PLOT SUMMARY


Mia had lived through a long and difficult century. She had witnessed massive global plagues, and consequent convulsive advancements in medicine. She'd been a deeply interested witness as vast new crypts and buttresses and towers were added to the ancent House of Pain. She had professionally studied the demographics of the deaths of millions of lab animals and billions of human beings, and she had examined the variant outcomes of hundreds of life-extension techniques. She'd helped to rank their many hideous failures, and their few but very real successes. She had meticulously judged advances in medical sciece as a ratio of capital investment. She had made policy recommendations to various specific organs of the global medical-industrial complex. She had never gotten over her primal dread of pain and death, but she no longer allowed mere dread to affect her behavior much. [page 8]

There's something nasty happening when there's so much justice in the world...They won't outlaw alcohol, they won't even oulaw narcotics, but when you go in for a checkup they take your blood and hair and DNA, and they map every trace of every little thing you've done to yourself. It all goes right into your medical records and gets splashed all over the net. If you live like a little tin saint, then they'll bend heaven and earth for you. ...The global polity, it's like a government run by your grandmother. A wise and kindly little old lady with a plateful of cookies and a headsman's ax. [pages 13-14]

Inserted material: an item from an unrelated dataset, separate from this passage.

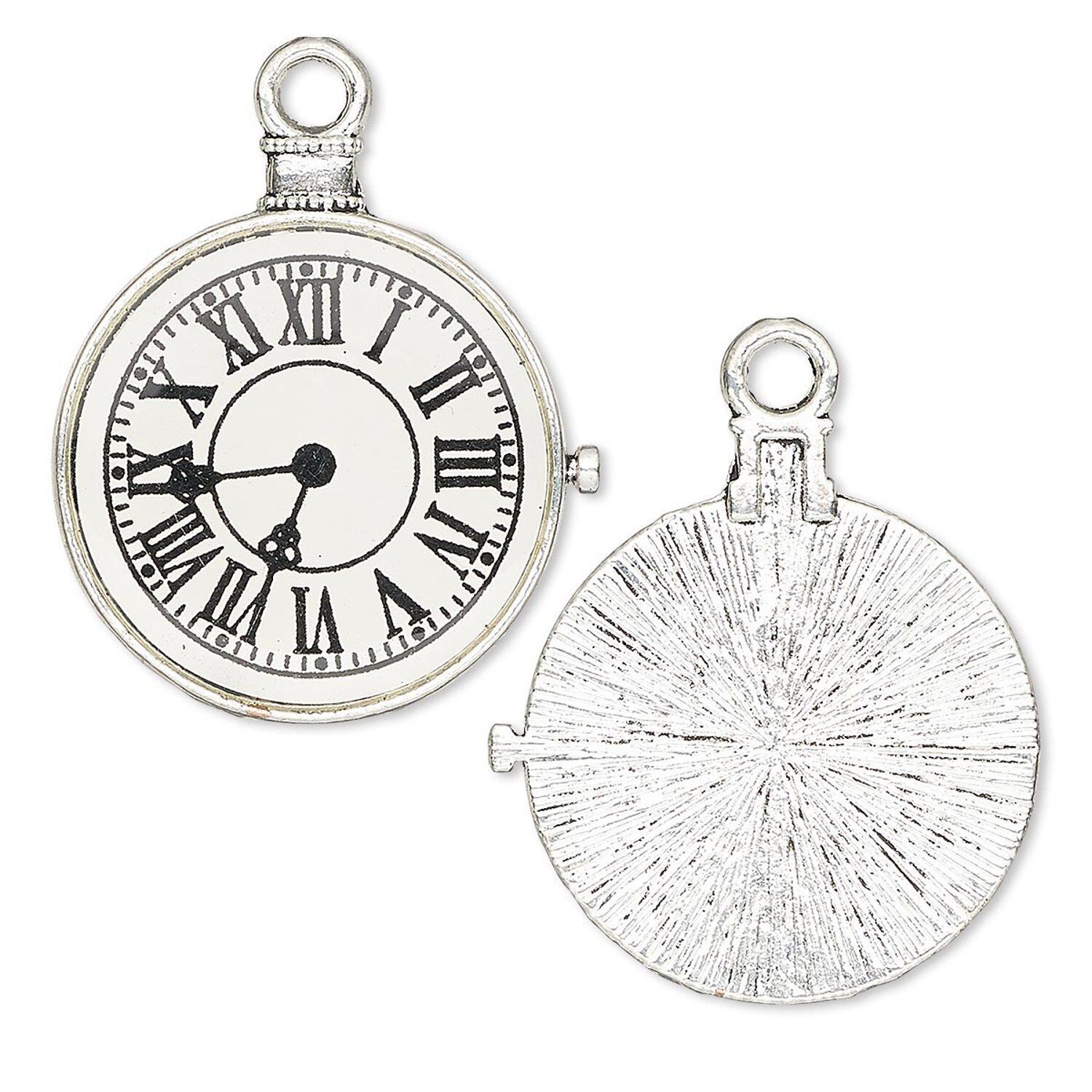 Give jewelry designs a touch of timeless style with these pocket watch focals. Rendered in antique silver-plated "pewter" (zinc-based alloy).
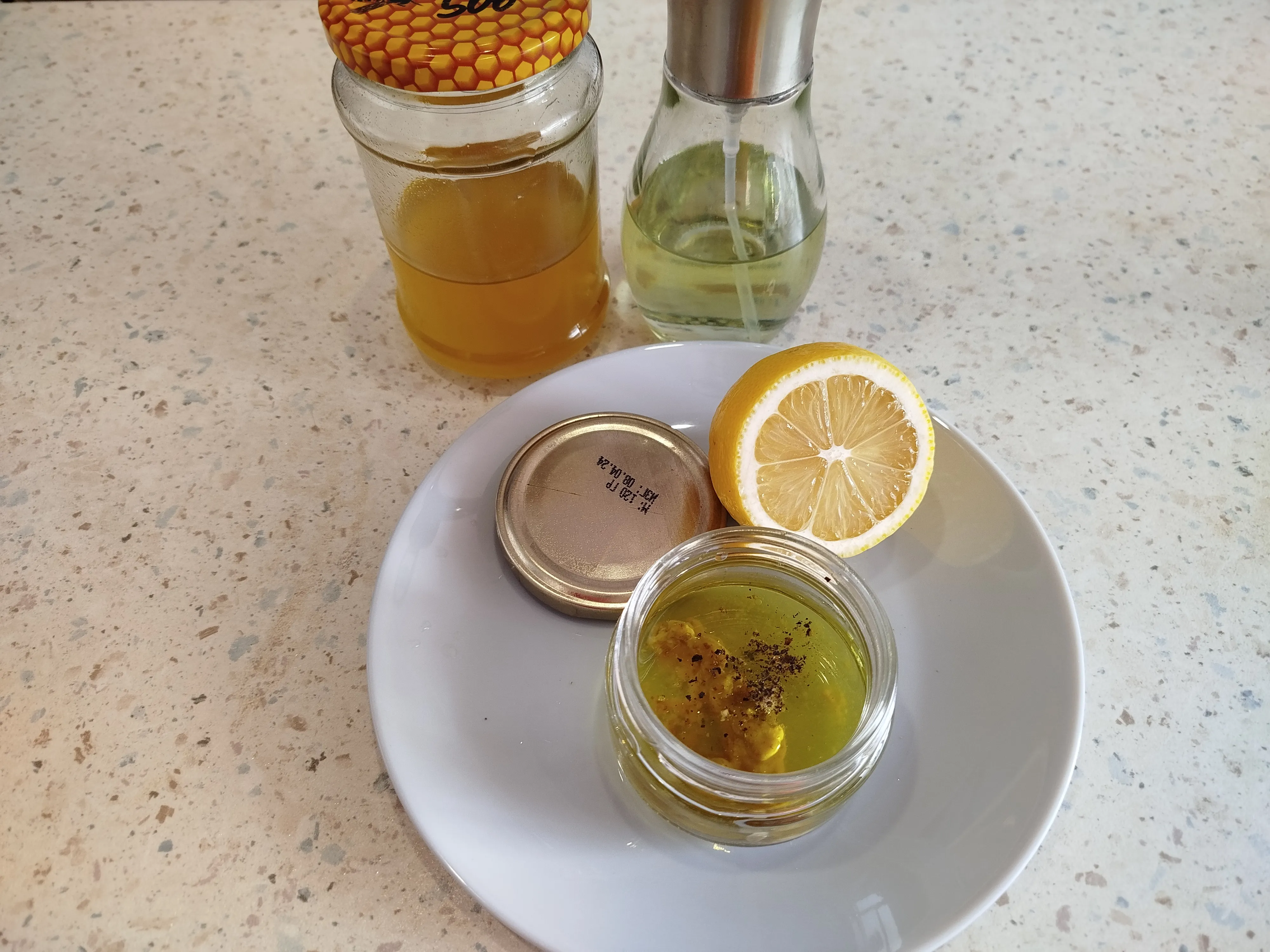 Для получения однородной и гладкой заправки смешайте всё, встряхнув интенсивно в баночке с крышкой. Мешайте около 2 минут. Корректируйте вкус соуса, добавляя соль, мёд, сок лимона.

Holy Fire follows the life of Mia, a 94 year old woman in the age of posthumanism. This is a buzzword Sterling uses to describe the heavily augmented elder class, whose life expectancy has risen through a century of biological research. The resulting world community aims to keep this older class alive, and indeed it is this age group which possesses most of the world's wealth (just think: competant investing can do wonders over a 90 year period). The healthy are thus encouraged by improved health care and new medical upgrades. The downside is that this leads to a fairly stale existence. Life for the protagonist Mia is hardly exciting until she springs for a new and radical life enhancement procedure, which in effect alters her memory (new gray matter is introduced, causing somewhat of a split personality) and leaves her with the body of a twenty-year-old. And so she leaves San Francisco for some whacky adventures in Europe, with a new identity and a new mindset, a new take on life. This novel could perhaps be labeled as a satire. It has talking dogs.